Grant abstract: "The award to Florida State University will support research contributing to the development of georeferenced, vetted, and versioned data products of the world's specimens of horseshoe bats and their relatives for use by researchers studying the origins and spread of SARS-like coronaviruses, including the causative agent of COVID-19. Horseshoe bats and other closely related species are reported to be reservoirs of several SARS-like coronaviruses. Species of these bats are primarily distributed in regions where these viruses have been introduced to populations of humans. Currently, data associated with specimens of these bats are housed in natural history collections that are widely distributed both nationally and globally.
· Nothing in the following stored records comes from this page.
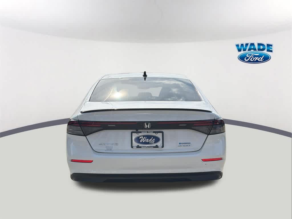 Accord Hybrid Sport is nicely equipped with Ford Blue Certified Non-Ford Certified, 2.0L 16V DOHC, 4-Wheel Disc Brakes, 8 Speakers, ABS brakes, Adaptive Cruise Control: Adaptive Cruise Control (ACC) with Low-Speed Follow, Air Conditioning, Alloy wheels, AM/FM radio, Apple CarPlay/Android Auto, Auto High-beam Headlights, Automatic temperature control, Blind Spot Information (BSI) System warning, Brake assist, Bumpers: body-color, Compass, Delay-off headlights, Driver door bin, Driver vanity mirror, Dual front impact airbags, Dual front side impact airbags, Electronic Stability Control, Emergency communication system: HondaLink, Exterior Parking Camera Rear, Fabric Seat Trim, Four wheel independent suspension, Front anti-roll bar, Front Bucket Seats, Front Center Armrest, Front dual zone A/C, Front reading lights, Fully automatic headlights, Illuminated entry, Knee airbag, Lane departure: Lane Keeping Assist System (LKAS) active, Leather Shift Knob, Leather steering wheel, Low tire pressure warning, Occupant sensing airbag, Outside temperature display, Overhead airbag, Overhead console, Panic alarm, Passenger door bin, Passenger vanity mirror, Power door mirrors, Power driver seat, Power moonroof, Power steering, Power windows, Radio data system, Radio: 180-Watt Audio System, Rear anti-roll bar, Rear reading lights, Rear seat center armrest, Rear side impact airbag, Rear window defroster, Remote keyless entry, Security system, Speed control, Speed-sensing steering, Speed-Sensitive Wipers, Split folding rear seat, Spoiler, Steering wheel mounted audio controls, Telescoping steering wheel, Tilt steering wheel, Traction control, Trip computer, Variably intermittent wipers, and Wheels: 19 x 8.5J Berlina Black.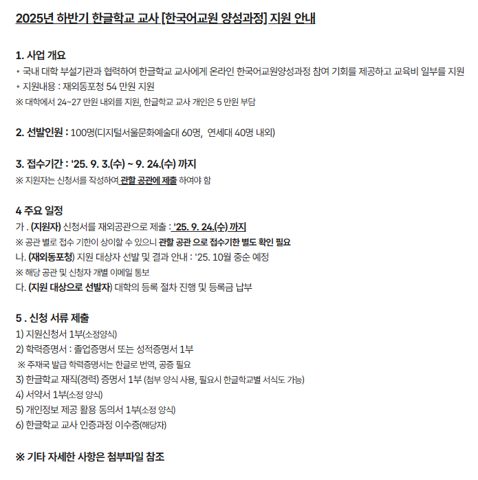 이번 글에서는 2025년 하반기 한국어교원 양성과정 지원 안내를 구체적으로 살펴보겠습니다.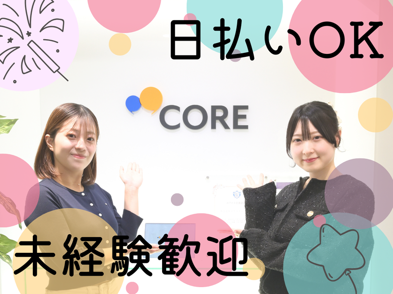 選考プロセス 最初の面談はオンラインからでOK! 履歴書不要&服装自由で気軽にできる! ※現在は研修制度やオリエンテーションなども ほぼオンラインで開催中! <スマホでサクッと応募OK> 気軽に応募できちゃうのがラクチン ≪お仕事決定までの流れ≫ WEBよりご応募⇒弊社よりメール・SMSにてご連絡 ⇒お電話でのお仕事紹介 ⇒オンラインまたはご来社での面談(選択制) ⇒お仕事スタート! 【登録地】 株式会社コアスタッフィング 本社 所在地:東京都新宿区西新宿3-2-11 新宿三井ビルディング2号館7階 電話番号:0120-731-202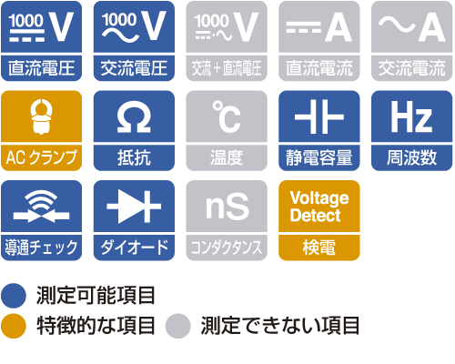 検電(50/60Hz) | Hi: AC40 V〜600 V, Lo: AC80 V〜600 V | |||||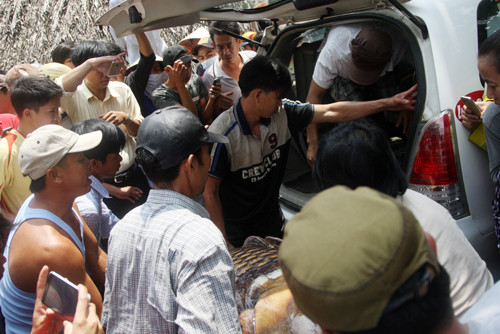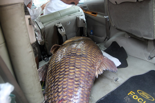 Sau đó chú cá hô được bỏ lên xe taxi đưa đi trong vòng vây của hàng trăm người hiếu kỳ.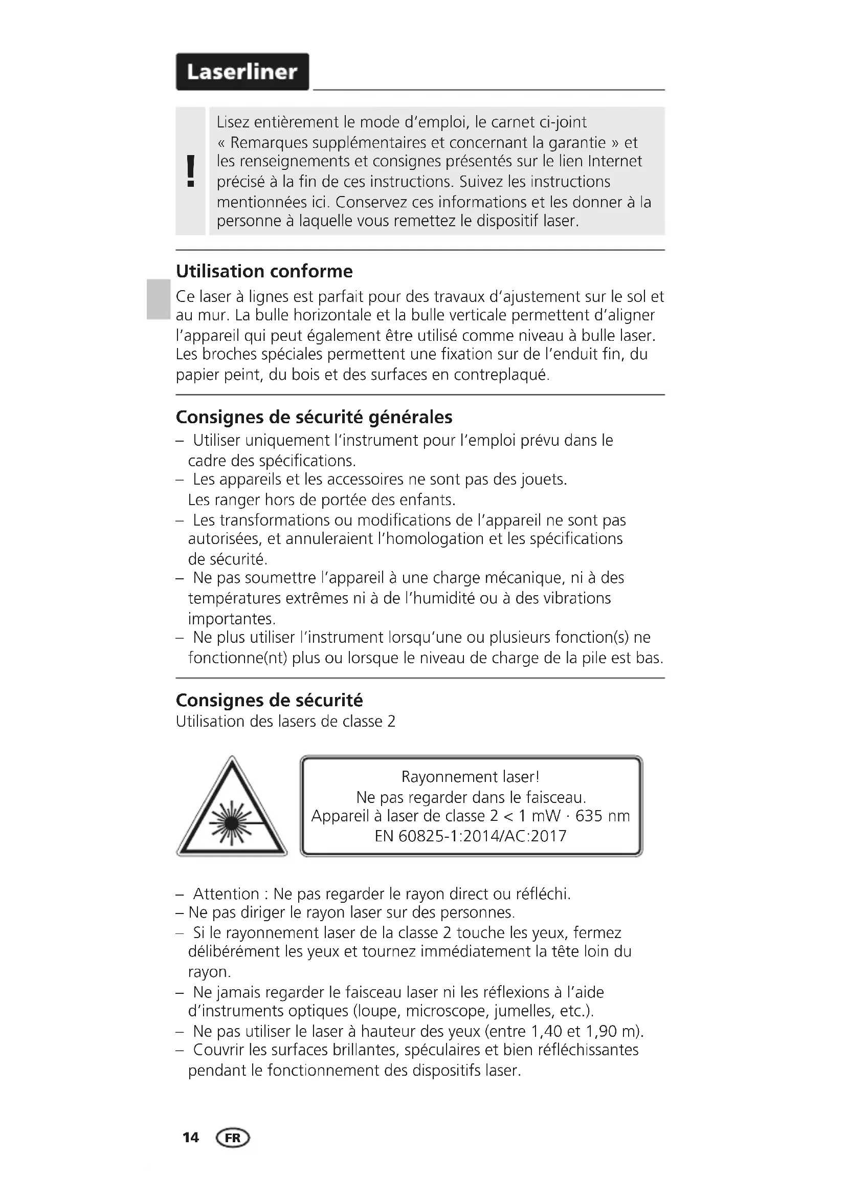Utilisation conforme Ce laser à lignes est parfait pour des travaux d’ajustement sur le sol et au mur. La bulle horizontale et la bulle verticale permettent d’aligner l’appareil qui peut également être utilisé comme niveau à bulle laser. Les broches spéciales permettent une fixation sur de l’enduit fin, du papier peint, du bois et des surfaces en contreplaqué. Consignes de sécurité générales – Utiliser uniquement l‘instrument pour l‘emploi prévu dans le cadre des spécications. – Les appareils et les accessoires ne sont pas des jouets. Les ranger hors de portée des enfants. – Les transformations ou modications de l’appareil ne sont pas autorisées, et annuleraient l’homologation et les spécications de sécurité. – Ne pas soumettre l’appareil à une charge mécanique, ni à des températures extrêmes ni à de l’humidité ou à des vibrations importantes. – Ne plus utiliser l‘instrument lorsqu‘une ou plusieurs fonction(s) ne fonctionne(nt) plus ou lorsque le niveau de charge de la pile est bas. – Attention : Ne pas regarder le rayon direct ou rééchi. – Ne pas diriger le rayon laser sur des personnes. – Si le rayonnement laser de la classe 2 touche les yeux, fermez délibérément les yeux et tournez immédiatement la tête loin du rayon. – Ne jamais regarder le faisceau laser ni les réexions à l’aide d’instruments optiques (loupe, microscope, jumelles, etc.). – Ne pas utiliser le laser à hauteur des yeux (entre 1,40 et 1,90 m). – Couvrir les surfaces brillantes, spéculaires et bien rééchissantes pendant le fonctionnement des dispositifs laser. Consignes de sécurité Utilisation des lasers de classe 2 Rayonnement laser! Ne pas regarder dans le faisceau. Appareil à laser de classe 2 < 1 mW · 635 nm EN 60825-1:2014/AC:2017LaserCube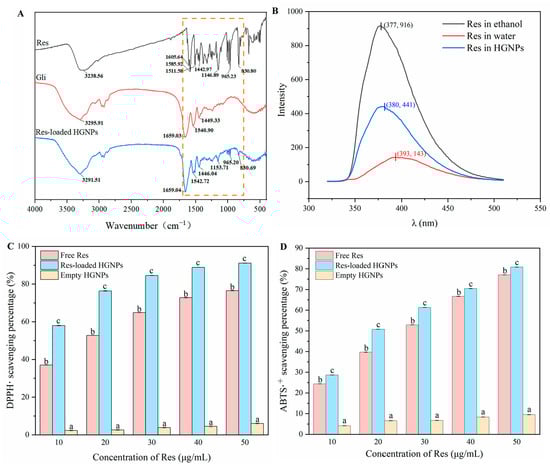 FTIR spectra (A) of resveratrol (Res), gliadin, Res-loaded hollow gliadin nanoparticles (Res-loaded HGNPs); (B) Fluorescence emission spectra of Res in water, ethanol and HGNPs; DPPH• scavenging capacity (C) and ABTS•+ scavenging capacity (D) of free Res, Res-loaded HGNPs and empty HGNPs. At the same concentration of Res, different letters indicate significant differences (p < 0.05).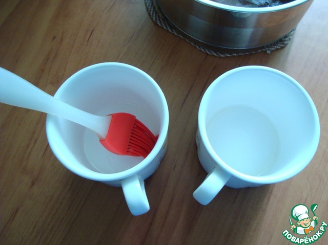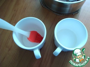 Поэтому я подмазала каждую кружку кисточкой с подсолнечным маслом, а потом из общей посуды выложила в них тесто. -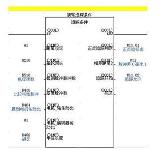 首先计算出送膜轴运行给定的袋长需要的脉冲数,然后与虚轴的脉冲数进行线性对应,随时读取虚轴的脉冲值,然后根据线性关系求出膜轴应该对应的位置脉冲,通过PULS指令进行输出。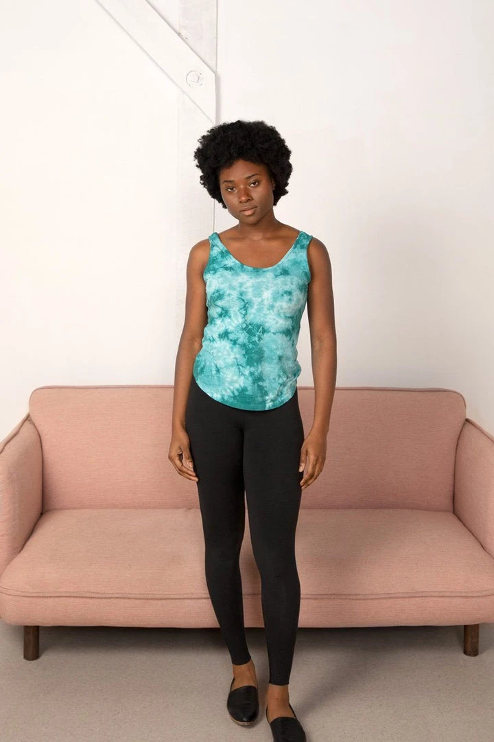 The Emily tank is the perfect length for tucking, tying, and layering. Featuring a low scoop neck in the front and the back and nice wide straps. Keep it simple and pair it with a solid or have a little fun with a bold print. Made from a soft, airy organic cotton jersey, that will keep you comfy all year round. The tie-dye pieces are created using a hand-done cloud wash technique, which means each and every garment is unique.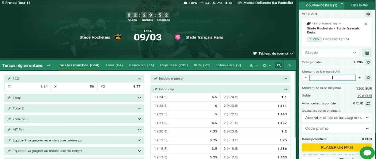 Enfin, en rugby, un exemple intéressant dans un match de Top14. Dans des configurations optimales, un petit H-1,5/ H-2,5/ H-4,5 peut souvent se réveler plus judicieux que la simple victoire, et offrir une cote plus avantageuse sans pour autant prendre un risque excessif.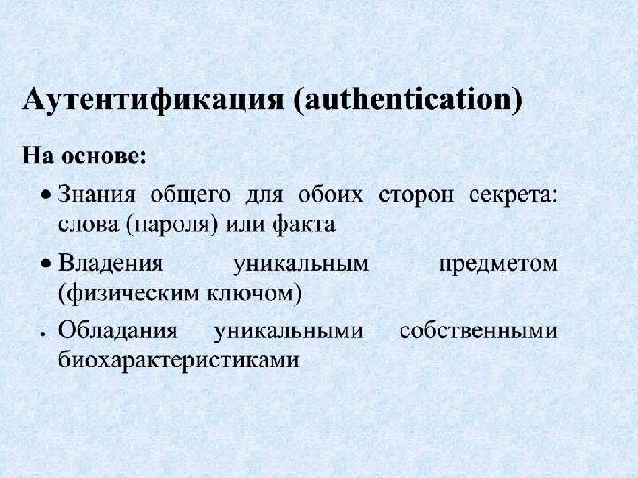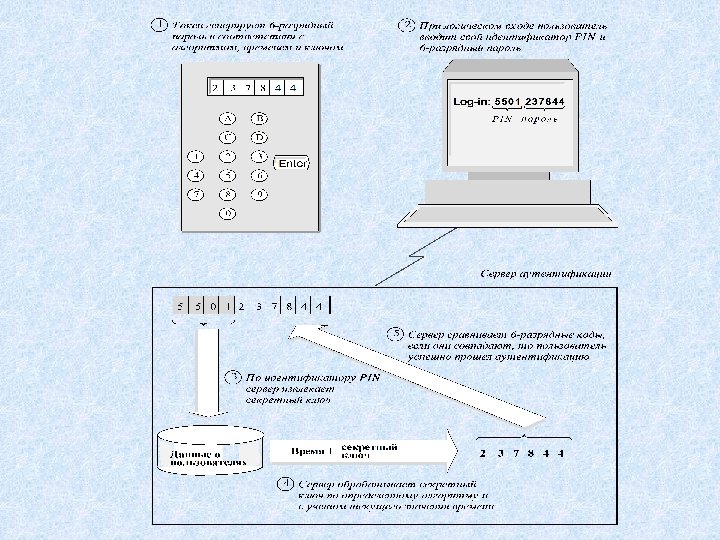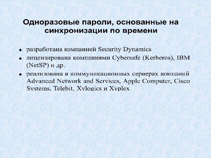 Программная система аутентификации на основе одноразовых паролей S/Key 1. Инициализация – задание разделяемого секрета Х 2. Аутентификатор вычисляет n-кратный дайджест от X и сохраняет его вместо X. 3. Аутентифицируемая сторона вычисляет (n-1)-кратный дайджест и посылает его аутентификатору 4. Аутентификатор вычисляет дайджест от принятого числа и сравнивает его с сохраненным n-кратным дайджестом 5. При каждой новой аутентификации число n уменьшается на единицу.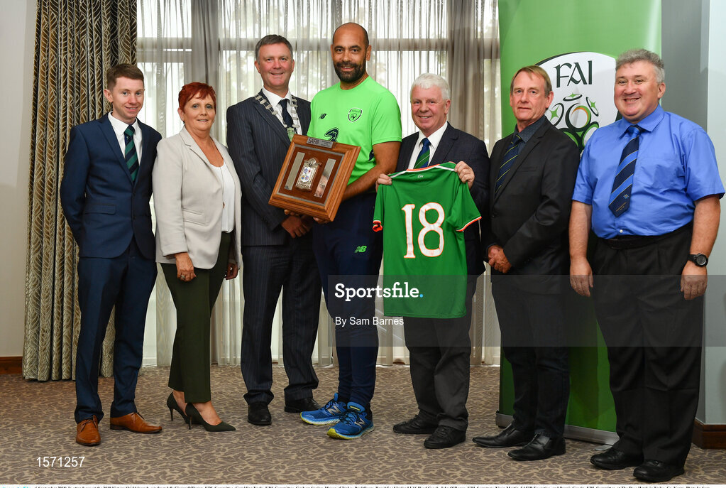 6 September 2018; In attendance at the 2018 Victory Shield launch, are from left, Ciaran O’Regan, KDL Committee, Geraldine Nagle, KDL Committee, Graham Spring, Mayor of Tralee, Paul Osam, Republic of Ireland U16 Head Coach, John O’Regan, KDL Secretary, Nixon Mortin, SAFIB Executive, and Dennis Guerin, KDL Committee, at The Rose Hotel, in Tralee, Co. Kerry. Photo by Sam Barnes/Sportsfile

Additionally, information tying these specimens to localities are mostly vague, or in many instances missing. This decreases the utility of the specimens for understanding the source, emergence, and distribution of SARS-COV-2 and similar viruses. This project will provide quality georeferenced data products through the consolidation of ancillary information linked to each bat specimen, using the extended specimen model. The resulting product will serve as a model of how data in biodiversity collections might be used to address emerging diseases of zoonotic origin. Results from the project will be disseminated widely in opensource journals, at scientific meetings, and via websites associated with the participating organizations and institutions. Support of this project provides a quality resource optimized to inform research relevant to improving our understanding of the biology and spread of SARS-CoV-2. The overall objectives are to deliver versioned data products, in formats used by the wider research and biodiversity collections communities, through an open-access repository; project protocols and code via GitHub and described in a peer-reviewed paper, and; sustained engagement with biodiversity collections throughout the project for reintegration of improved data into their local specimen data management systems improving long-term curation.
This RAPID award will produce and deliver a georeferenced, vetted and consolidated data product for horseshoe bats and related species to facilitate understanding of the sources, distribution, and spread of SARS-CoV-2 and related viruses, a timely response to the ongoing global pandemic caused by SARS-CoV-2 and an important contribution to the global effort to consolidate and provide quality data that are relevant to understanding emergent and other properties the current pandemic. This RAPID award is made by the Division of Biological Infrastructure (DBI) using funds from the Coronavirus Aid, Relief, and Economic Security (CARES) Act.
This award reflects NSF's statutory mission and has been deemed worthy of support through evaluation using the Foundation's intellectual merit and broader impacts review criteria."
Files included in this resource
9d4b9069-48c4-4212-90d8-4dd6f4b7f2a5.zip: Raw data from iDigBio, DwC-A format
0067804-200613084148143.zip: Raw data from GBIF, DwC-A format
0067806-200613084148143.zip: Raw data from GBIF, DwC-A format
1623690110.zip: Full export of this project's data (enhanced and raw) from BIOSPEX, CSV format
bionomia-datasets-attributions.zip: Directory containing 103 Frictionless Data packages for datasets that have attributions made containing Rhinolophids or Hipposiderids, each package also containing a CSV file for mismatches in person date of birth/death and specimen eventDate. File bionomia-datasets-attributions-key_2021-02-25.csv included in this directory provides a key between dataset identifier (how the Frictionless Data package files are named) and dataset name.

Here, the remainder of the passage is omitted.